Bilindiği gibi kırpma refleksi, gözün kapatılması ve açılmasından oluşur.
Korneanın temizlenmesi ve nemini korumak için her seferinde göz kapakları kapanır, tuzlu bir sıvı gözyaşı keseciklerinden gözün yüzeyine yayılır, göz yüzeyinin sürekli ıslak kalmasını tutar ve burada bulunan toz parçacıklarını temizler. Bununla beraber beynin anlık dinlenmesini sağlar.
Bilindiği gibi kırpma refleksi, gözün kapatılması ve açılmasından oluşur. Göz kırpma sırasında beyne 400 milisaniye kadar bilgi gelmeyeceğini ve bu nedenle boşuna çalışmaması sinyalini verir. Bebekler dakikada bir göz kırparken, yetişkinler dakikada ortalama 15-20 kez göz kırpıyor. Sabit olmayı gerektiren odaklanma durumlarında, havadaki nem oranı ve kitap okurken göz kırpma sayısı 3-4 kırpışa kadar düşmektedir. Bir günde bu sayı 30 bine çıkıyor. Ve günde 30 bin kez kırpmamız uyanık geçirdiğimiz saatlerin yüzde 10'una tekabül ediyor.
Böylece bu hareketle hem gözler hem beyin dinlenmiş oluyor.
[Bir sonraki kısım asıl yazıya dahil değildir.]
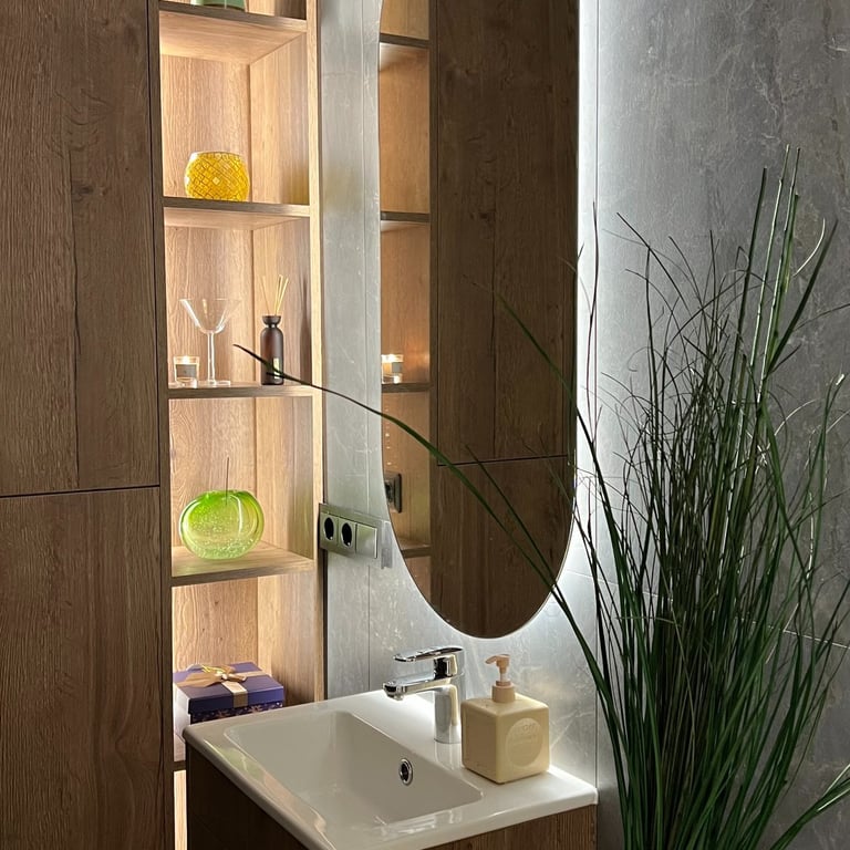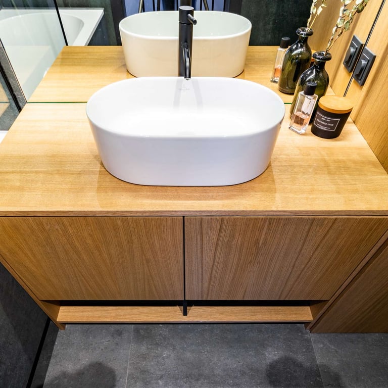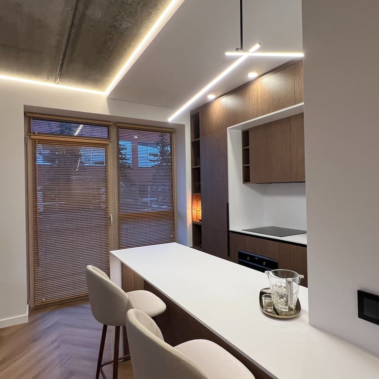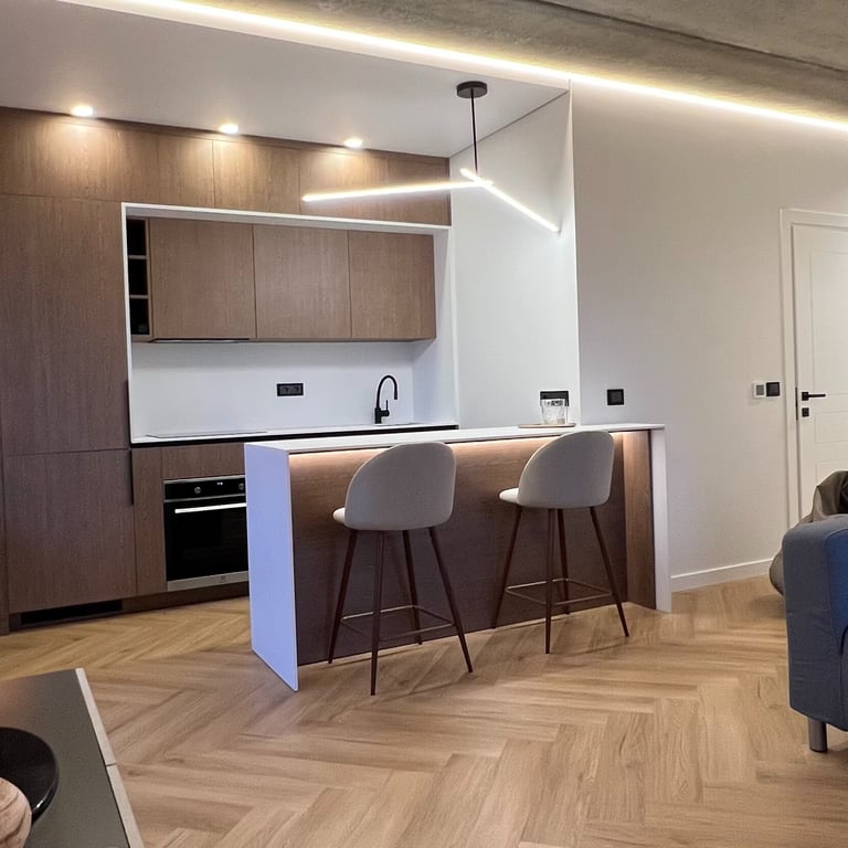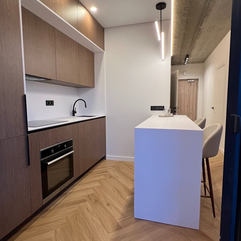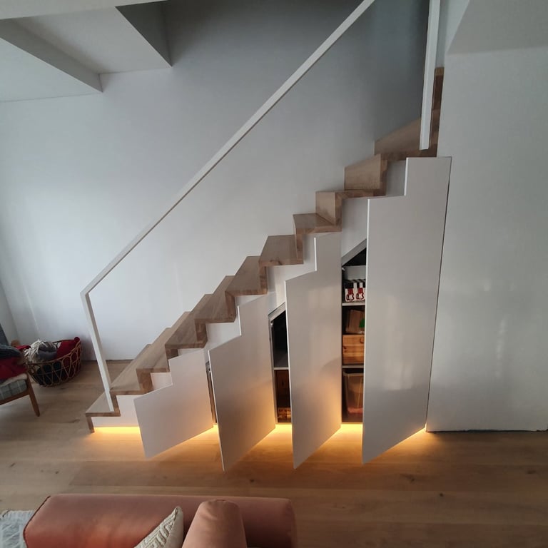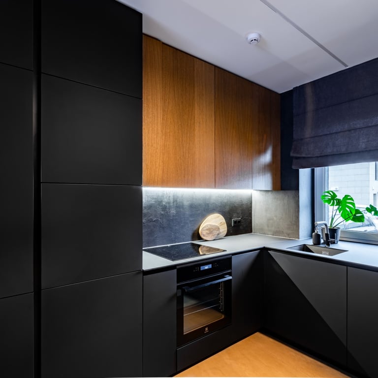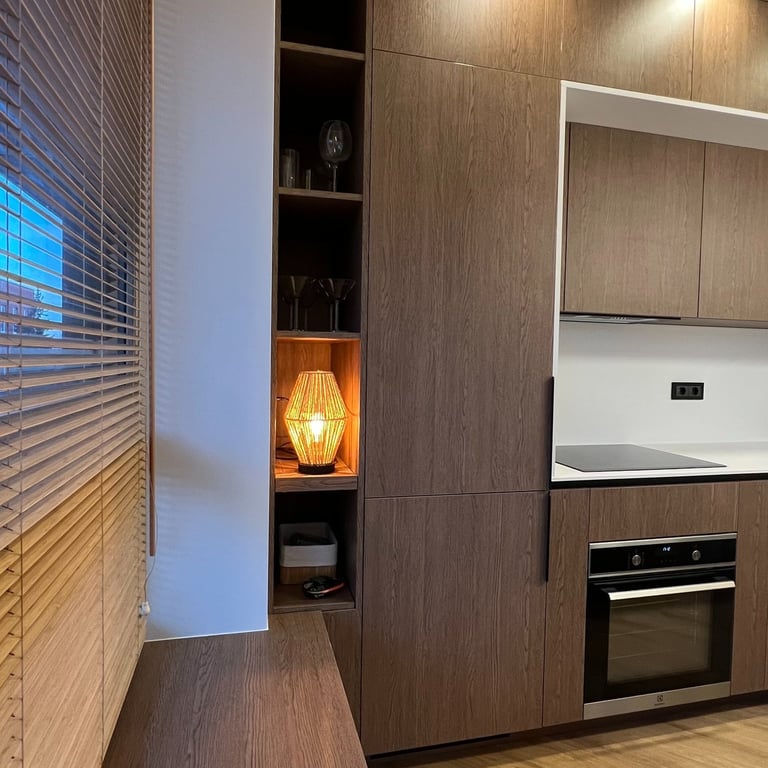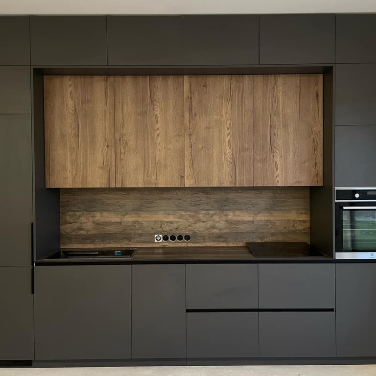 Spinta su dažytais MDF fasadais ir frezuotom rankenom

İlginç bir şey okurken dakikada 3-8 kez göz kırparken ilgimizi çekmeyen bir aktivite esnasında bu sayı 15'e kadar yükselebiliyor. Ayrıca bir sayfadan başka bir sayfaya ya da bir satırdan başka birine geçerken de göz kırpıyoruz.
Aynı zamanda farkında olmadan gözünüzü bir noktadan diğerine çevirirken istemsiz olarak göz kırparız. Dikkat isteyen işler yaparken yine göz kırpma sayımızda azalma görülür. Havadaki sıcaklığın artmasıyla ve ışığın çoğalmasında da göz kırpmamız artar.
Göz kırpma sayımız ve sıklığımız bizim ne kadar dinlenmiş olduğumuzun da göstergesidir. Yorgun bir insanda bu sıklık çok fazlayken tamamen dinlenmiş birinin daha az göz kırptığını gözlemleyebiliriz.